Content starts

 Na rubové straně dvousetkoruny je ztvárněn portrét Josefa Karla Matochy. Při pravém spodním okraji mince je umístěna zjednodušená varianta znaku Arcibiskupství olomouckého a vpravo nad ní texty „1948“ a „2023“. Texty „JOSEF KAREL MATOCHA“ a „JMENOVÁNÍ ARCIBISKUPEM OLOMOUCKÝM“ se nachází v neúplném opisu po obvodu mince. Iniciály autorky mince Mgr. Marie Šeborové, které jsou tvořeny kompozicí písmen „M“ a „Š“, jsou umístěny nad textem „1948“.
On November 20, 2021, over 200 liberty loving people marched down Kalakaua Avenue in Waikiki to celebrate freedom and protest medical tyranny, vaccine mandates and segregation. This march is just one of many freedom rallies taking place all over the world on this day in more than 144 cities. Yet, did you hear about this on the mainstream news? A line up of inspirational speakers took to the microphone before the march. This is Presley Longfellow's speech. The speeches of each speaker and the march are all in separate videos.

Content ends
Content starts

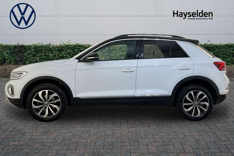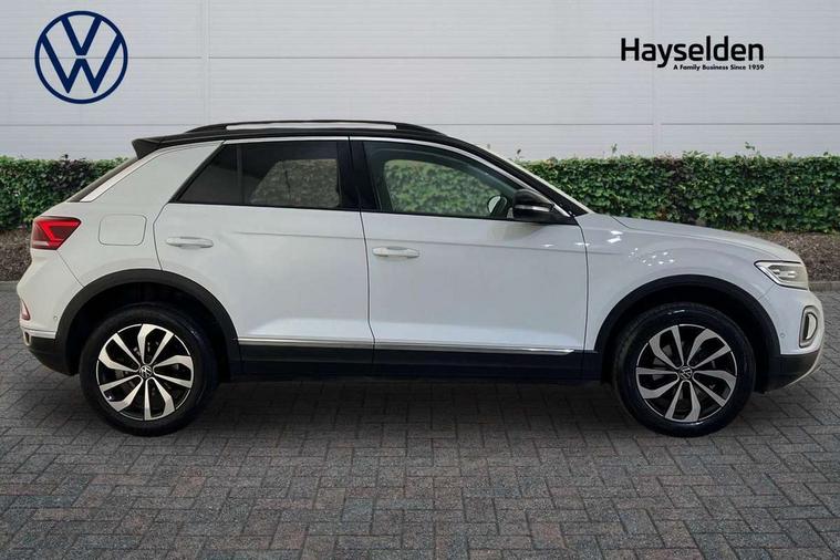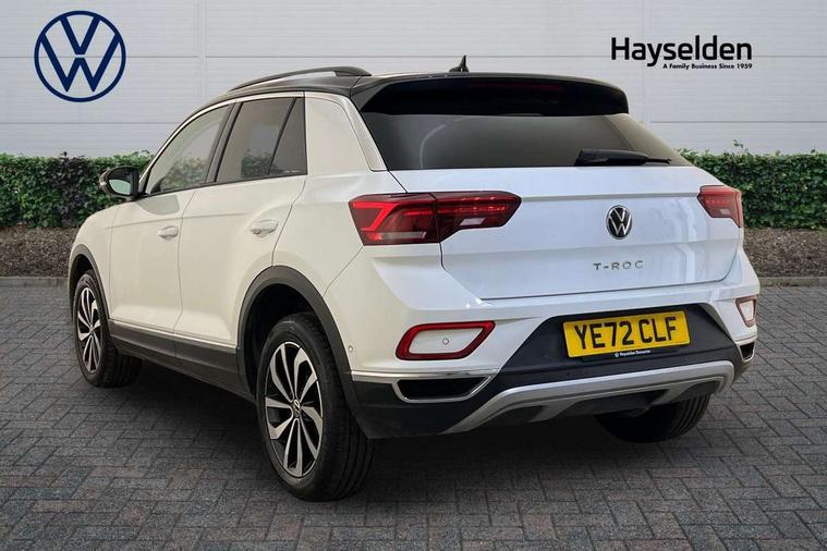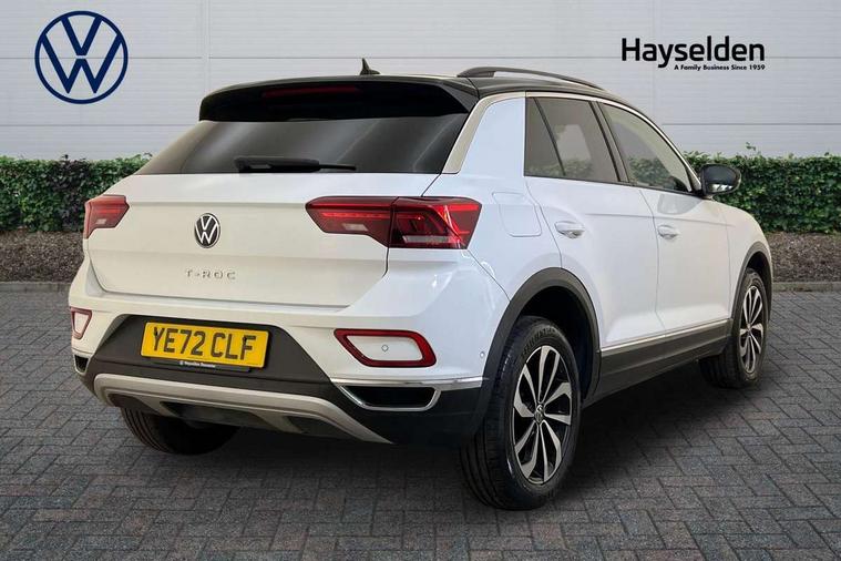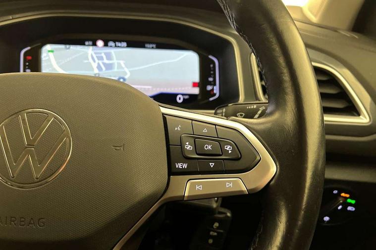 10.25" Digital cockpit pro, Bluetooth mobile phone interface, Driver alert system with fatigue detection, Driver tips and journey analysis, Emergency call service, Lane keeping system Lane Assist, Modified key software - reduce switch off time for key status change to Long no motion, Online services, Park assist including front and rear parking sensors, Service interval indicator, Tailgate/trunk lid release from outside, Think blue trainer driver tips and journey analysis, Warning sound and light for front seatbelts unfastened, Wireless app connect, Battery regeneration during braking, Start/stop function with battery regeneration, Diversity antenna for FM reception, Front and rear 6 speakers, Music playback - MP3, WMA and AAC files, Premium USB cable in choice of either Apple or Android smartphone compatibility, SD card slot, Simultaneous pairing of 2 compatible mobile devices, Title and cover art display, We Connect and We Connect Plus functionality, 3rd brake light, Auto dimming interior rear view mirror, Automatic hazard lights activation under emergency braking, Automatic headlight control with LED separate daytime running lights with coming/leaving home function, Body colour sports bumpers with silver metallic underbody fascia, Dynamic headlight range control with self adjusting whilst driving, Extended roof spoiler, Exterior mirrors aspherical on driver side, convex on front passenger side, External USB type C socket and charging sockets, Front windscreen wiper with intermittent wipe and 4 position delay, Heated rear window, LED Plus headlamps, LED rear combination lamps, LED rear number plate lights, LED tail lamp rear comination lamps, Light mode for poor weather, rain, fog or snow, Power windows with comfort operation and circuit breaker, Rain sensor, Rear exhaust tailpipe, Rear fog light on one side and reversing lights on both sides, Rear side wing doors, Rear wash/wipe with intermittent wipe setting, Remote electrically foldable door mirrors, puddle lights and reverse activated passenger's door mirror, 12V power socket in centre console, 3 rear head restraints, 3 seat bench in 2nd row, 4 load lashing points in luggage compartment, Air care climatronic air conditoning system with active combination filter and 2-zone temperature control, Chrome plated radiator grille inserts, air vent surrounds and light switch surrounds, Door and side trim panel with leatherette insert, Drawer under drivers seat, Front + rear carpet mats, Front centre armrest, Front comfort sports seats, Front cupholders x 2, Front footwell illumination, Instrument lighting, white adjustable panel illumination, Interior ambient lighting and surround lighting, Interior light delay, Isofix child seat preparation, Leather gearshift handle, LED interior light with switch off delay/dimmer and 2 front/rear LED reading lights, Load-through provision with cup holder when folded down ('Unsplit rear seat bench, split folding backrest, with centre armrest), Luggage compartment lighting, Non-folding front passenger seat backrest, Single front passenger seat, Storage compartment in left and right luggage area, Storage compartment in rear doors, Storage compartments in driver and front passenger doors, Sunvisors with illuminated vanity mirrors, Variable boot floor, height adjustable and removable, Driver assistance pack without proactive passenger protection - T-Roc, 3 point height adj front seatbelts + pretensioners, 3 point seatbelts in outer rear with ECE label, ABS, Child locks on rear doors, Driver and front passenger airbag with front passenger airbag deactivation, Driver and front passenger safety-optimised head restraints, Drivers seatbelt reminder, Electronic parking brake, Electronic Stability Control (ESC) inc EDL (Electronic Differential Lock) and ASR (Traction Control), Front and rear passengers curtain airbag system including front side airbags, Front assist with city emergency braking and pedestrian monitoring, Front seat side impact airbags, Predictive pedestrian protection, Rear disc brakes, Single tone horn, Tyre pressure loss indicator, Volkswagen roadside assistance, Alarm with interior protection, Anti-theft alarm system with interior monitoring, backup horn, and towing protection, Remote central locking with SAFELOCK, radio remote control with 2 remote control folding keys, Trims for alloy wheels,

Content ends

**Exercise description**
Taking the lines above, repeat exactly those from the line that contains "Na rubové straně" through the line that contains "On November 20, 2021, over", and both of those lines as well. Include nothing else.

**Written response**
 Na rubové straně dvousetkoruny je ztvárněn portrét Josefa Karla Matochy. Při pravém spodním okraji mince je umístěna zjednodušená varianta znaku Arcibiskupství olomouckého a vpravo nad ní texty „1948“ a „2023“. Texty „JOSEF KAREL MATOCHA“ a „JMENOVÁNÍ ARCIBISKUPEM OLOMOUCKÝM“ se nachází v neúplném opisu po obvodu mince. Iniciály autorky mince Mgr. Marie Šeborové, které jsou tvořeny kompozicí písmen „M“ a „Š“, jsou umístěny nad textem „1948“.
On November 20, 2021, over 200 liberty loving people marched down Kalakaua Avenue in Waikiki to celebrate freedom and protest medical tyranny, vaccine mandates and segregation. This march is just one of many freedom rallies taking place all over the world on this day in more than 144 cities. Yet, did you hear about this on the mainstream news? A line up of inspirational speakers took to the microphone before the march. This is Presley Longfellow's speech. The speeches of each speaker and the march are all in separate videos.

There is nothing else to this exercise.